--- Problem to work on ---
Please give back, exactly as written, the lines from the line with "The the rear" to the line with "DSC_0147副本-T恤正" in the listing below, leaving out all pictures.
[[ Excerpted data, beginning ]]
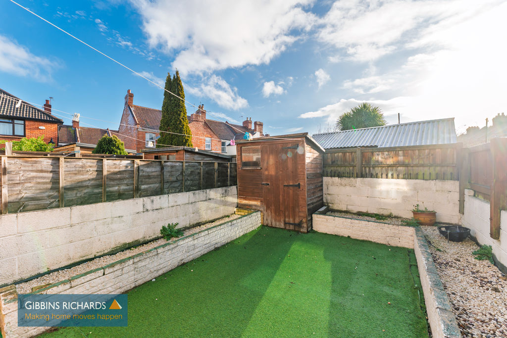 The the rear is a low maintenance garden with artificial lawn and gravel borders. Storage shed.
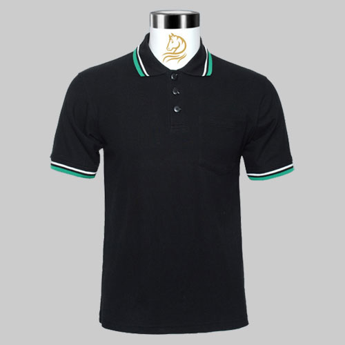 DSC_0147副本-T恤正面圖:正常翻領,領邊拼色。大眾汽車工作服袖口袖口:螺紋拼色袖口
[[ Excerpted data, end ]]
[[ Excerpted data, beginning ]]
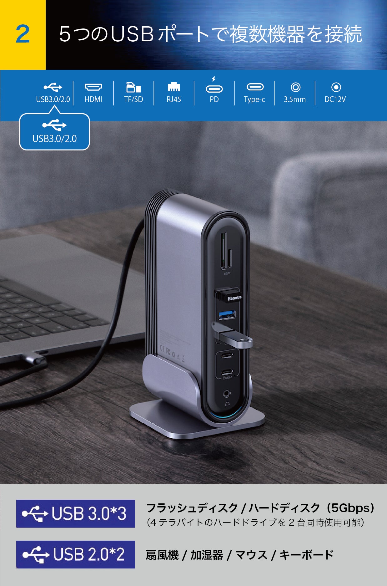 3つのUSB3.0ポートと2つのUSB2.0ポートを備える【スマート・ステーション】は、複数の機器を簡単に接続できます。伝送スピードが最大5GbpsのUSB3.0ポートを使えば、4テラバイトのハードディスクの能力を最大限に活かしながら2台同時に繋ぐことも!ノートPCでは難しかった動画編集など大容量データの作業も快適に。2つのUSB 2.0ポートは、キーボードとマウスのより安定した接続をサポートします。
[[ Excerpted data, end ]]
--- Result ---
 The the rear is a low maintenance garden with artificial lawn and gravel borders. Storage shed.
 DSC_0147副本-T恤正面圖:正常翻領,領邊拼色。大眾汽車工作服袖口袖口:螺紋拼色袖口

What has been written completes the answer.